**Required action**.
A single stretch of the material below is to be transcribed exactly, starting at the line with "(总)洺兰家居 2026年新" and ending after the line with "It is the most".

**Working data**.

◆ ◆ ◆ ◆ ◆ ◆ ◆

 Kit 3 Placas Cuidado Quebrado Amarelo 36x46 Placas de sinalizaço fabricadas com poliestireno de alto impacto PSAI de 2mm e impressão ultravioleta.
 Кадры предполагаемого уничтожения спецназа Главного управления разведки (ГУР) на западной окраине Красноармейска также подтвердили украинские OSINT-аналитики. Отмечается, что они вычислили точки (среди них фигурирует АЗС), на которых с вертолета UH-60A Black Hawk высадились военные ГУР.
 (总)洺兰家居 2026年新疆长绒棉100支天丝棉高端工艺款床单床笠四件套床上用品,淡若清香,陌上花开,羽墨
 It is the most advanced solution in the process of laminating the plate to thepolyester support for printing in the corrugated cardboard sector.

◆ ◆ ◆ ◆ ◆ ◆ ◆

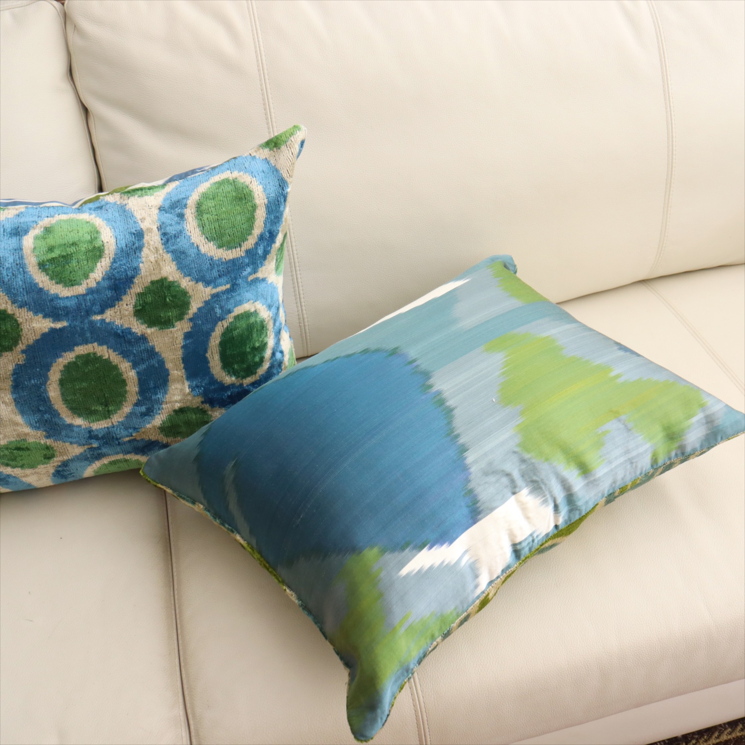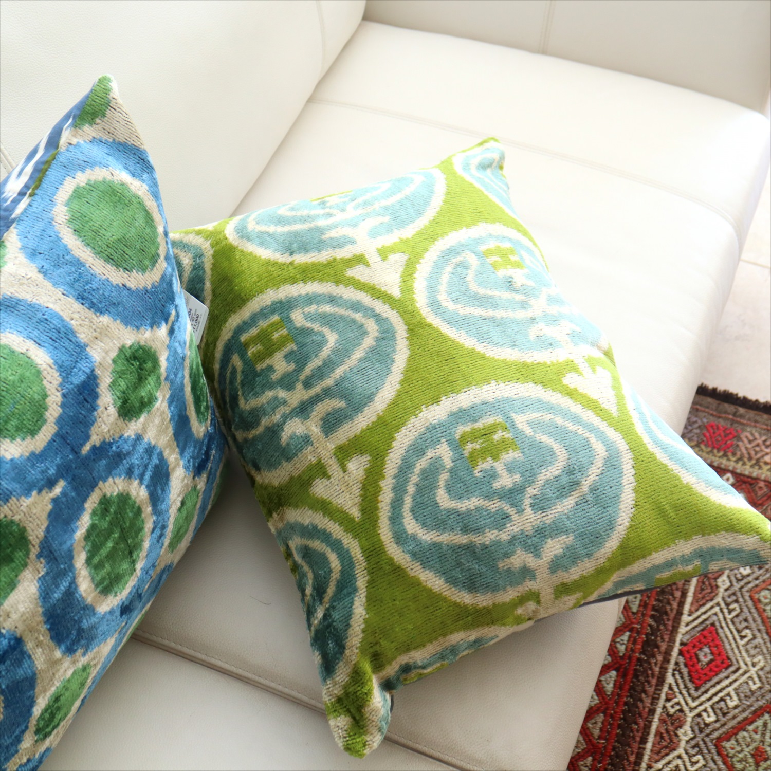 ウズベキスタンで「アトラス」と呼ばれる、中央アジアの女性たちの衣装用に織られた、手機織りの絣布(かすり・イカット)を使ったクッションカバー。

◆ ◆ ◆ ◆ ◆ ◆ ◆

**Task solution**.
 (总)洺兰家居 2026年新疆长绒棉100支天丝棉高端工艺款床单床笠四件套床上用品,淡若清香,陌上花开,羽墨
 It is the most advanced solution in the process of laminating the plate to thepolyester support for printing in the corrugated cardboard sector.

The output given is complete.